╭──

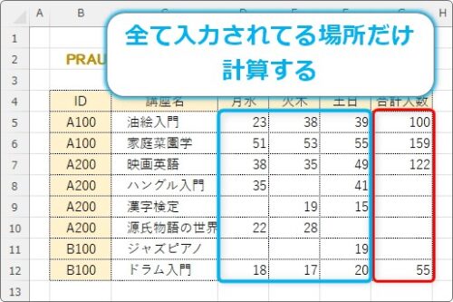 全てのセルにデータが入っている場合だけ計算する方法
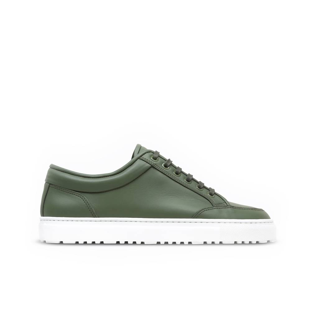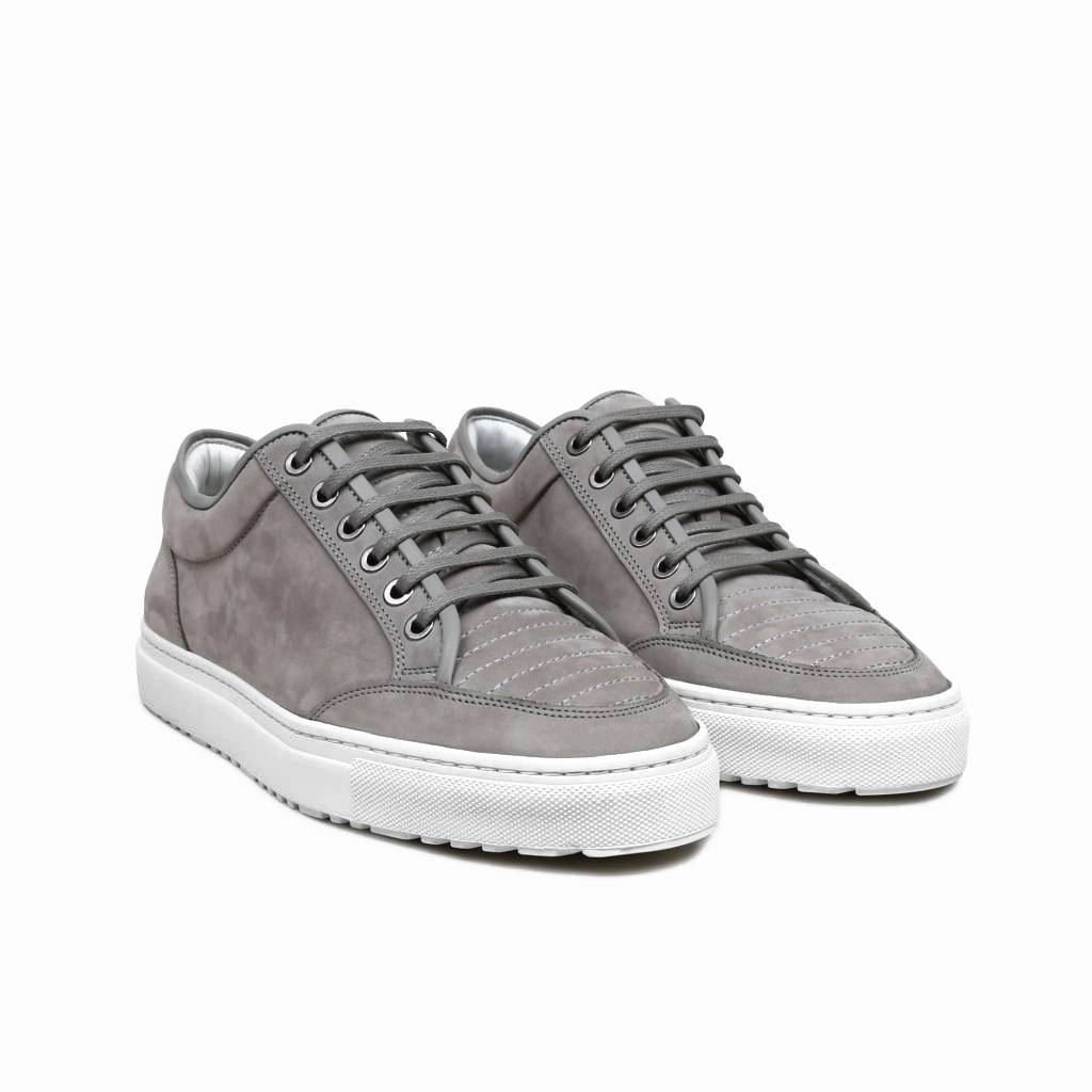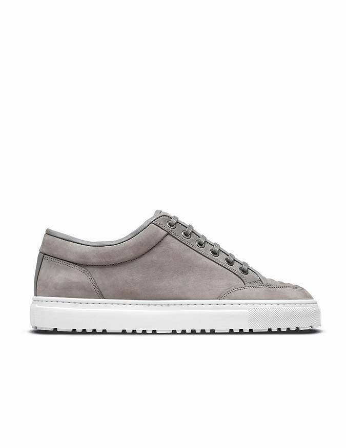 Low-top nubuck leather sneaker in Alloy. Features a tonal leather trim and lace-up closure as well as ribbed detailing. Dark chrome eyelets and a white rugged rubber cup sole unit. Full calf leather lining and insole. Comes in a branded box with a spare set of waxed laces.
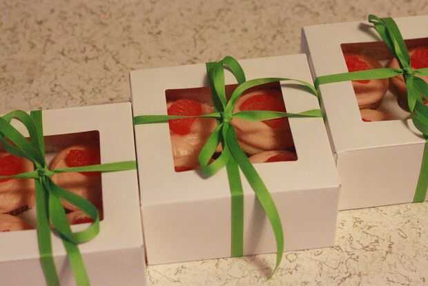 Una de las esquinas de la parte inferior cortar la bolsa del congelador. Heladas las magdalenas y cubrir con un rodaja de naranja caramelo. Si usted está haciendo estos cupcakes para regalar, comprar un paquete de cajas de cupcake de marca Wilton. Atar una cinta alrededor de cada caja y tienes un hermoso regalo!
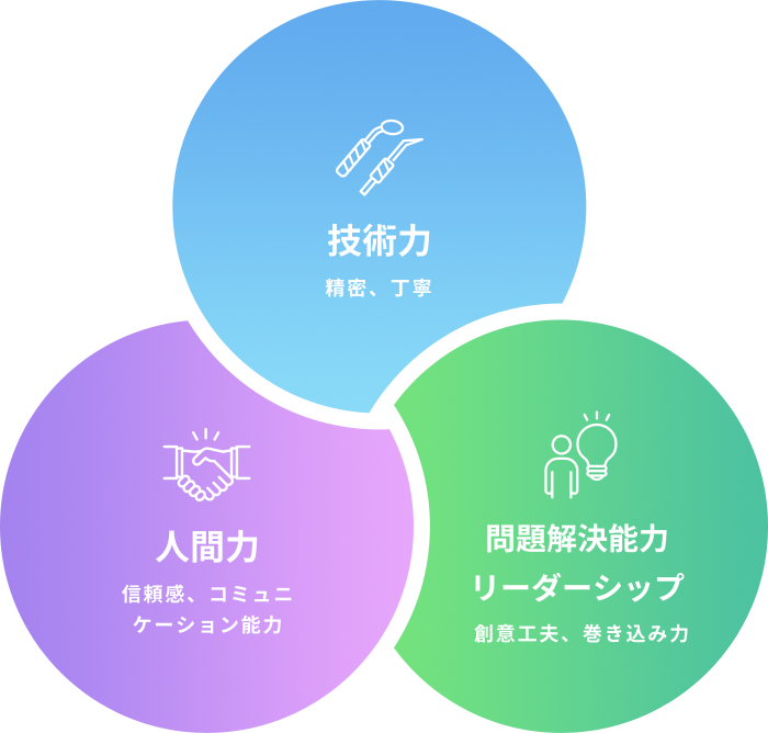 かつらやま歯科医院では、「技術力」「問題解決能力・リーダーシップ」「人間力」の3つの力を伸ばすことを柱に、臨床現場で自信を持って活躍できる「Good Dentist」を育成します。
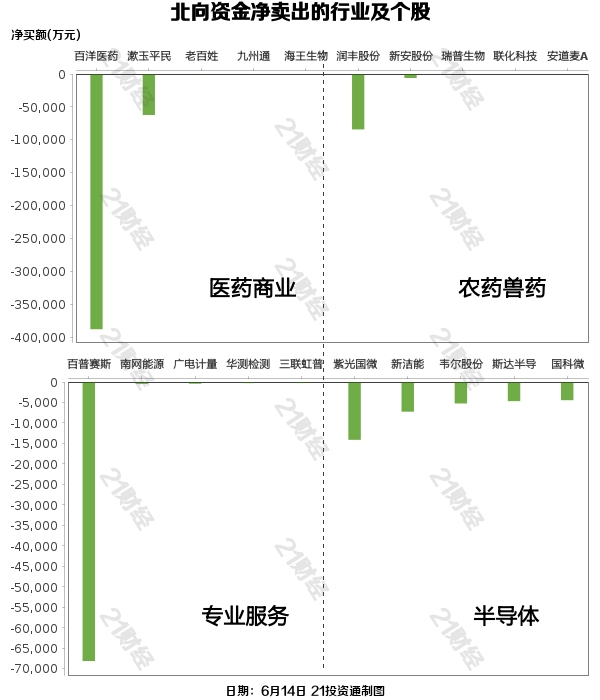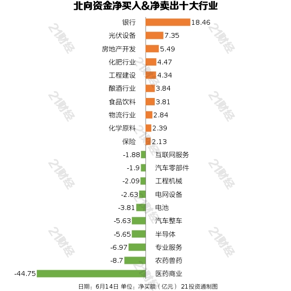 北向资金减持了42个行业,其中医药商业最多,净卖出金额达44.75亿元,其次是农药兽药行业,净卖出8.70亿元。
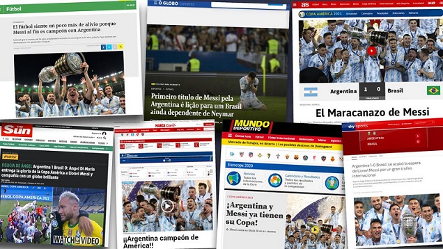 En Inglaterra, el periódico The Sun detalló que “Ángel Di María le entrega la gloria de la Copa América a Lionel Messi y compañía con una definición brillante”, mientras que SkySports tituló: “Se acabó la espera de Lionel Messi por un gran trofeo internacional”.

╰──

To do: Find the line with "かつらやま歯科医院では、「技" in the listing and extract it and all lines after it through the end, exactly, without the pictures.

Reply to the exercise:
 かつらやま歯科医院では、「技術力」「問題解決能力・リーダーシップ」「人間力」の3つの力を伸ばすことを柱に、臨床現場で自信を持って活躍できる「Good Dentist」を育成します。
 北向资金减持了42个行业,其中医药商业最多,净卖出金额达44.75亿元,其次是农药兽药行业,净卖出8.70亿元。
 En Inglaterra, el periódico The Sun detalló que “Ángel Di María le entrega la gloria de la Copa América a Lionel Messi y compañía con una definición brillante”, mientras que SkySports tituló: “Se acabó la espera de Lionel Messi por un gran trofeo internacional”.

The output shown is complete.